A tale of two Windows Service Packs

Summary:If Microsoft's Windows Server team is able to juggle service packs and new server releases, why can't the Windows client team do the same?

If Microsoft's Windows Server team is able to juggle service packs and new server releases, why can't the Windows client team do the same?

Windows XP Service Pack (SP) 3 isn't expected until some time in 2008, at last count, which means XP users will have had to wait four years between service packs if and when SP3 finally does ship. On the server side of the house, it looks like the waiting time between SP releases is shaping up to be roughy two years.
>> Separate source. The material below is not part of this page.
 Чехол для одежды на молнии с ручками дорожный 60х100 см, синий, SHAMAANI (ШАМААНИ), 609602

Last month, Microsoft quietly (foot)noted that the due date for Windows Server 2003 Service Pack (SP) 2 had slipped from the second half of 2006 to Q1 2007.
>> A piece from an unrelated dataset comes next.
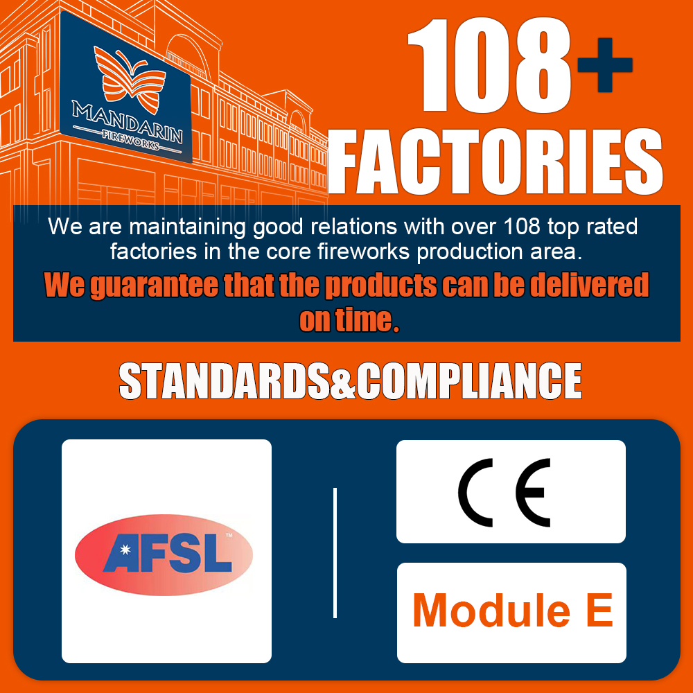 최소 주문은 1개 당 100박스 또는 혼합 주문을 위한 20피트 컨테이너입니다. 안전 규정 때문에 불꽃놀이는 다른 일반 제품과 함께 배송할 수 없습니다.

On November 14, Microsoft reconfirmed that it would hit the early 2007 date, and rolled out the near-final Release Candidate (RC) test build of SP2. Testers who are part of Microsoft's Customer Preview Program will be able download the RC build on Tuesday.

Microsoft officials have said the SP2 release will deliver critical, non-critical and customer-requested updates. It also will include security, reliability, performance and manageability tweaks, the Softies said, including:

* Windows Deployment Services updates that will allow users to deploy both Longhorn Server and Windows Vista;

* A Scalable Networking Pack designed to help companies scale their network-based applications;

* Microsoft Management Console 3.0, which adds new snap-in management tools; and

* Tweaks designed to make IPSec more manageable. Microsoft rolled out SP1 for Windows Server 2003 in March 2005.

In related news, Microsoft reconfirmed on Tuesday that Beta 3 of Longhorn Server is due out in "the first half of 2007." (A month ago, Microsoft officials hinted that it could hit in Q1 of next year.) And a public beta of Microsoft's hypervisor virtualization layer -- due to ship 120 days after Longhorn Server -- is set to hit in Q1 2007, as well.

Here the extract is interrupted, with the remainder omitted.